И он вышел из-за стола.

— А почему ты не хочешь, чтобы твое собственное имя было торговой маркой? — спросил Леший.

— Имя принадлежит мне, хотя и не принадлежит. Или я ему. А то, что я пишу, мне не принадлежит вовсе, хотя и принадлежит. Или я ему. Только я, как я, к этому не имею почти никакого отношения, потому что я — это другой он. Любой творец тебе скажет, что кто-то ему диктует. А он только принимает и передает. Отдает свои навыки или тело для воплощения того, что называется вдохновением. Кто как умеет. При чем тут имя? У меня еще хуже. Я просто нахватался всякого печатного слова, перемешал с непечатным и выдаю за свое, то есть общее. Синтез называется. Компонент постмодернизма. Поди придумай в наше время что-нибудь новое, не будучи талантом. Сплошной деревянный велосипед и дежа вю. Вот, например, я подумал: ладно, буду писать коммерческую книжку, только в качестве одного из героев буду я сам, пишущий по заказу издателя Захарова книжку под псевдонимом — для компенсации, чтобы все честно и откровенно. После этого на следующий день читаю «Город из стекла» Пола Остера и натыкаюсь на сцену, в которой его главный герой приходит к нему самому — писателю Полу Остеру. И вместо придумки появляется цитата…

— Подожди, подожди, — вмешался Леший, — так, значит, у тебя в книге есть писатель?

— Ну, — отозвался писатель.

— Так раз есть писатель, значит, должен быть и читатель!

Писатель нахмурился.

— Я и есть читатель, — мрачно буркнул он после паузы, — самый верный.

— Да нет, в книге, — пояснил Леший и добавил: — Читателем могу быть я!

— Можешь и ты, — покладисто согласился писатель. — Если захочешь. Потому что читатель-то в книге есть всегда, без него ни ты, ни я просто не существуем. Без него и книги-то нет — только так не бывает, потому что все книги уже есть. Просто пока они не прочитаны, они не написаны. А читатель… да вот же он, читатель, видишь, сейчас усмехнулся от внезапного осознания своей безнаказанной значимости.

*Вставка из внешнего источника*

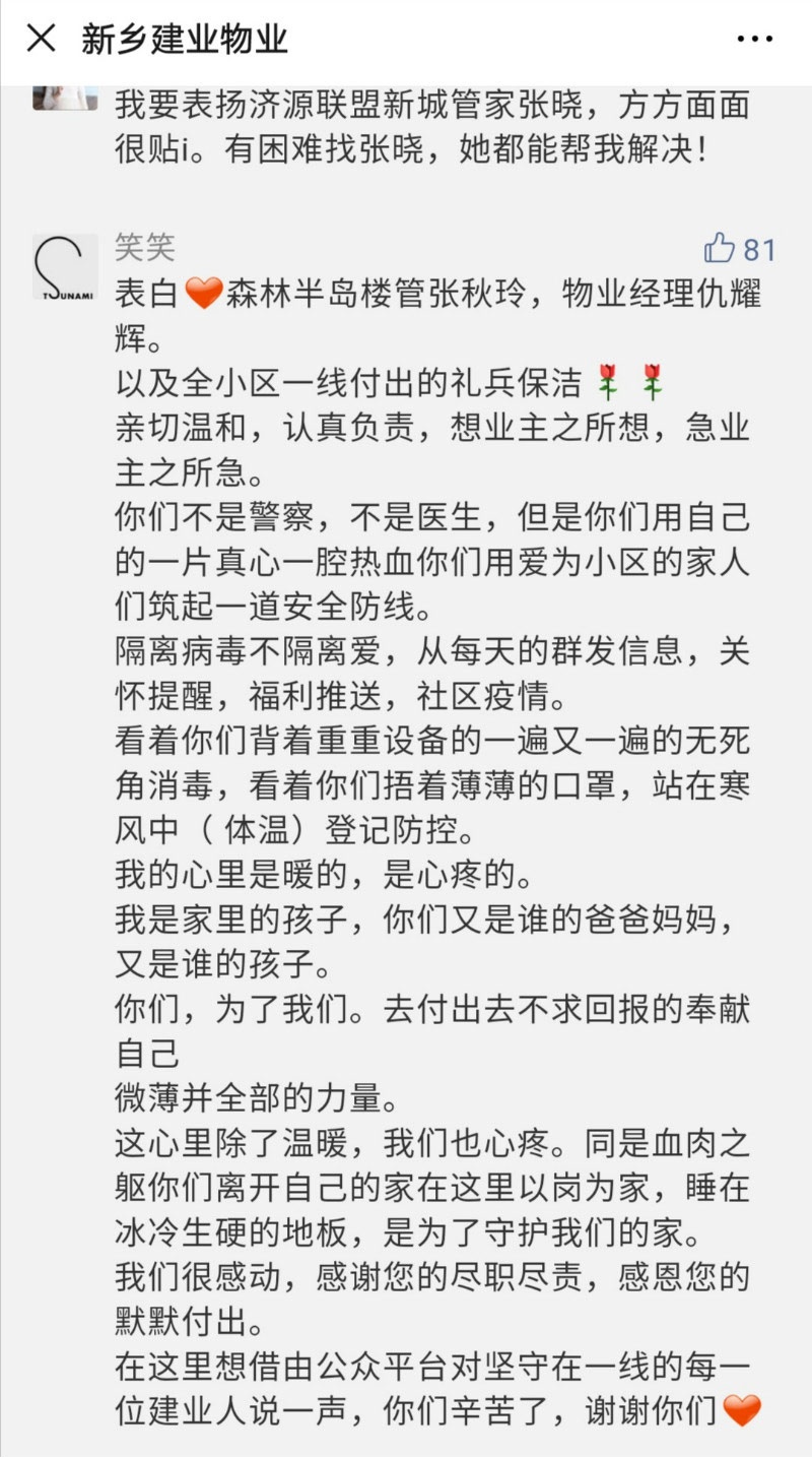 感謝您的盡職盡責(zé),感恩您的默默付出!在這里借由微信公眾平臺對堅守在一線的每一位建業(yè)人說一聲:你們辛苦了,謝謝你們!”——節(jié)選自新鄉(xiāng)區(qū)域業(yè)主的表白信

Видишь, нет?

— Нет, — озираясь по сторонам, сказал Леший.

— Да ты не туда смотришь, оторвись от себя. И от меня…

— Как это?

— Не можешь? А знаешь, почему?

— Почему? Я вообще не понимаю, о чем речь.

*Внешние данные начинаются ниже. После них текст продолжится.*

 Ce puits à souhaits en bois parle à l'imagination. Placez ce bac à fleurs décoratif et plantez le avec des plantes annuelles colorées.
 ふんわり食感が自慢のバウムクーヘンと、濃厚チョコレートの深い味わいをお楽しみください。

— Потому что читатель может быть персонажем только тогда, когда он писатель, — сказал писатель, — хотя бы чуть-чуть. Иначе он не свободен. А раз не свободен — отдельно не существует.

Леший замолчал, сбитый с толку.

— Так вот, — продолжал как ни в чем не бывало, писатель. — Уметь читать — это тоже своего рода талант, как и писать. Ну, навыки, конечно, школа. Я вот читать научился, только когда начал писать. А до этого только буквы знал и дальше картинок не воспринимал ни одной книги. А как научился — понял, что большинство так называемых книг написано для людей, не умеющих читать, как и музыка — для глухих, на трех аккордах, как и фильмы — для слепых, с историей, но без продолжения. Этим отличается продюсерское искусство от настоящего. С другой стороны, быть читателем, а при этом еще и писателем — крайне неудобно. Придумаешь чего-нибудь, потом почитаешь — и писать не хочется, все уже написано. Я сначала грузился — потом плюнул. Пусть будет как будет. Читать буду меньше. Тем более, что книжка эта заказная — римейк, то есть изначально неоригинальна.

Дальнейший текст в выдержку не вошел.